__INSTRUCTIONS FOR THE TASK__
Retype exactly the lines of the listing below from the one with "Pink and Yellow" through the last, both included, and leave every picture out.

__STORED DATA__

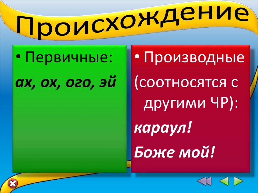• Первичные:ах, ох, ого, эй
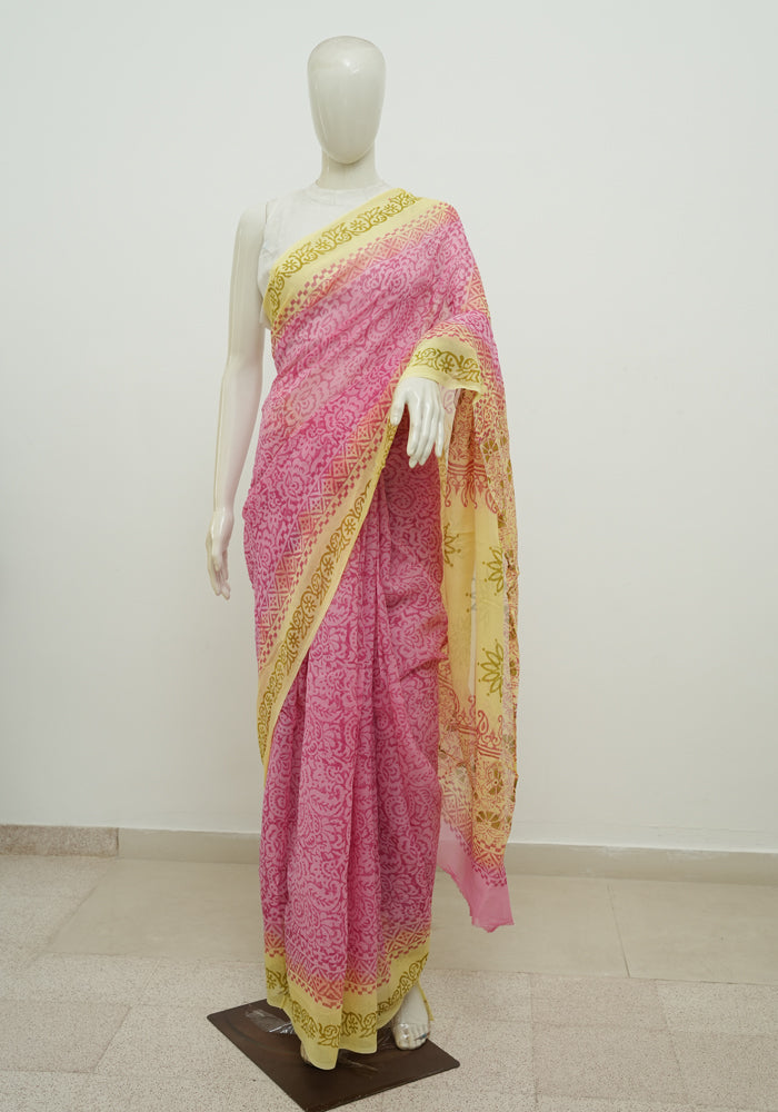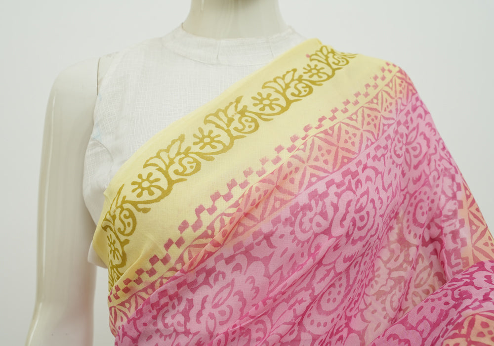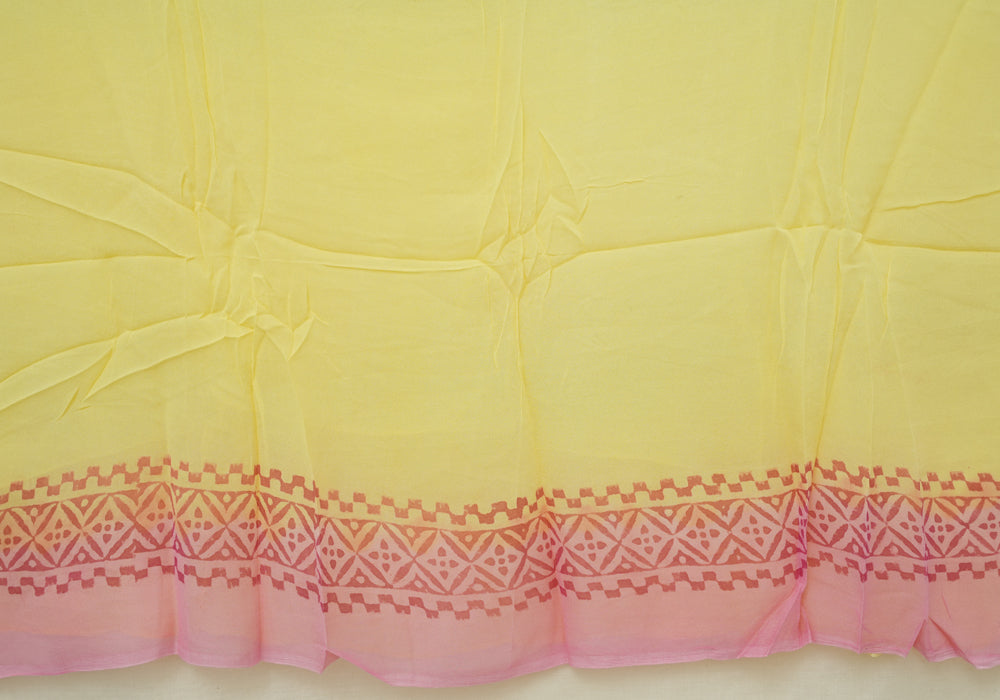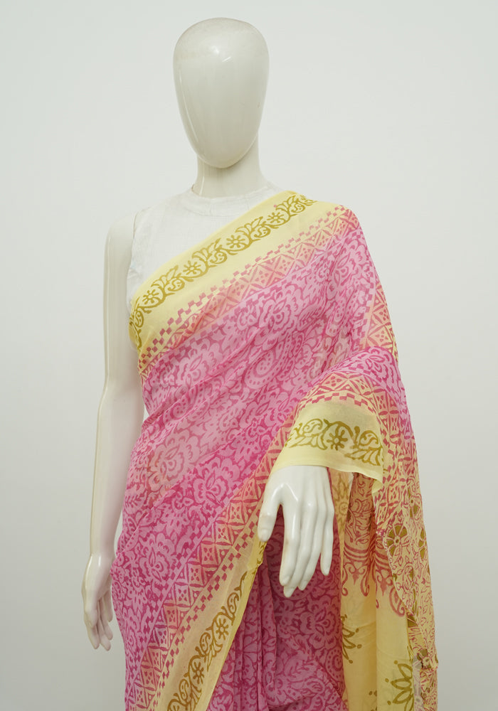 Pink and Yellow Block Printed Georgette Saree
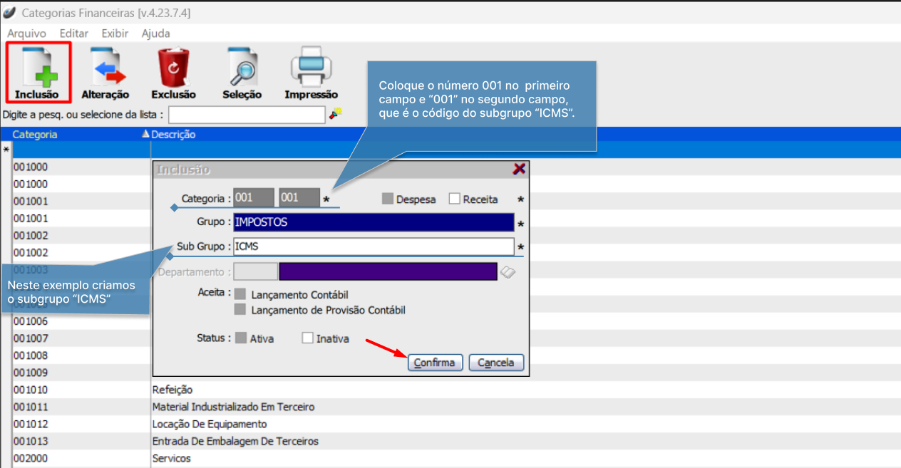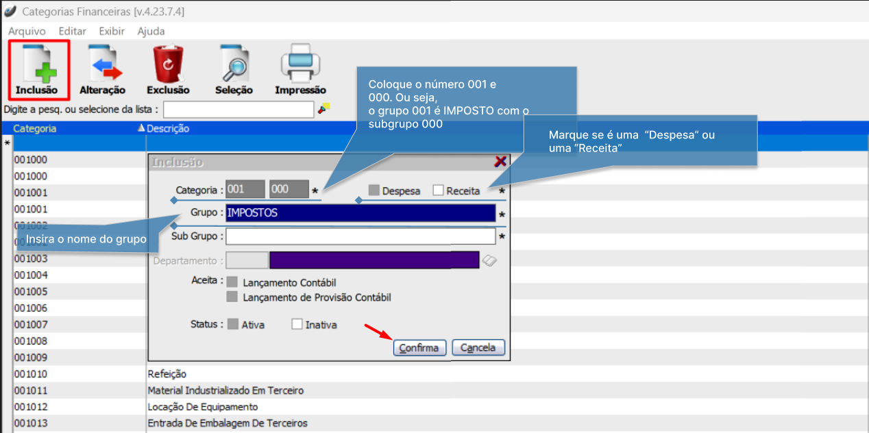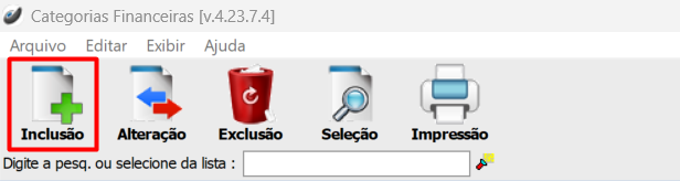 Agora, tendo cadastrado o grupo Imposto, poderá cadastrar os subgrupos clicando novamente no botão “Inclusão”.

__SOLUTION__
 Pink and Yellow Block Printed Georgette Saree
 Agora, tendo cadastrado o grupo Imposto, poderá cadastrar os subgrupos clicando novamente no botão “Inclusão”.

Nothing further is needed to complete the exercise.